Faire de la politique autrement 

Au-delà de la fabuleuse trajectoire qui a porté à la magistrature suprême Bassirou Diomaye Faye, l’élection présidentielle sénégalaise est porteuse d’enseignements pour tous les États africains qui se sont convertis à la vulgate des années 1990 sur la nécessaire conversion à la démocratie. 

Toute démocratie demeure fragile et aura toujours suspendu au-dessus de sa tête, comme une épée de Damoclès, l’hubris du pouvoir des hommes politiques. Preuve en a été faite aux États-Unis avec Donald Trump et au Brésil avec Jair Bolsonaro. 

C’est la force de conviction démocratique des hommes qui donne aux institutions leur force.

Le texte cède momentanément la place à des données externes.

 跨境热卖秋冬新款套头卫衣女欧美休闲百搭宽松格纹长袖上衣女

C’est en ce sens que le peuple sénégalais et les juges du Conseil constitutionnel auront fait échec à la tentative de coup d’État constitutionnel de Macky Sall. La démocratie n’est pas un acquis qui serait ad vitam aeternam à l’abri des soubresauts et des contingences de l’histoire. Il s’agit en réalité d’un processus dont les fondements pourraient vaciller à tout moment du fait de la volonté d’un homme ou d’un clan habités par la tentation du pouvoir perpétuel. 

Dans ses mémoires, l’ancien président Abdou Diouf, informé de sa défaite face à Abdoulaye Wade, relate la tentation de quelques-uns de ses partisans d’inverser le verdict des urnes en sa faveur pour le maintenir au pouvoir. Son opposition ferme à cette tentative de tripatouillage électoral a évité au Sénégal un drame dont nul n’aurait pu prédire l’issue.

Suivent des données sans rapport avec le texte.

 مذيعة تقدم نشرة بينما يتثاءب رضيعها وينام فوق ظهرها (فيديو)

Enfin, il n’est pas excessif de dire que le peuple sénégalais n’a pas seulement rejeté le pouvoir sortant, mais a également exprimé une volonté profonde de voir les entrepreneurs politiques « faire de la politique autrement » et aussi l’impératif d’un renouvellement générationnel de son personnel politique. Qu’il s’agisse de Khalifa Sall ou d’Idrissa Seck, les ténors de la politique sénégalaise qui occupent le devant de la scène depuis des lustres ont subi chacun une déculottée sans précédent, parfois dans ce qui passait jusqu’à présent pour leurs fiefs électoraux.

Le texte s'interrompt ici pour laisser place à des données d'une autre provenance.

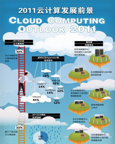 《2011云計算發(fā)展前景調(diào)查報告》的目標(biāo)在于收集企業(yè)用戶中使用虛擬化和云計算技術(shù)的信息,有助于公眾了解云計算技術(shù)及其服務(wù)的演進(jìn)。這份調(diào)查報告的結(jié)果來自2011年第二季度對BitNami、Cloud.com和Zenoss開源與系統(tǒng)管理社區(qū)中500多位用戶的調(diào)查。其目的是想看清楚云計算技術(shù)的使用趨勢,并對部署虛擬基礎(chǔ)設(shè)施提供參考。

La tâche qui attend le nouveau chef de l’État est, à n’en pas douter, gigantesque, tant et si bien qu’il est fort peu probable qu’il bénéficie d’un État de grâce, tout au moins sur des terrains tels que l’exemplarité dans la gestion de la fortune publique et la mise en place de politiques véritablement redistributives pour les couches les plus vulnérables de la population sénégalaise.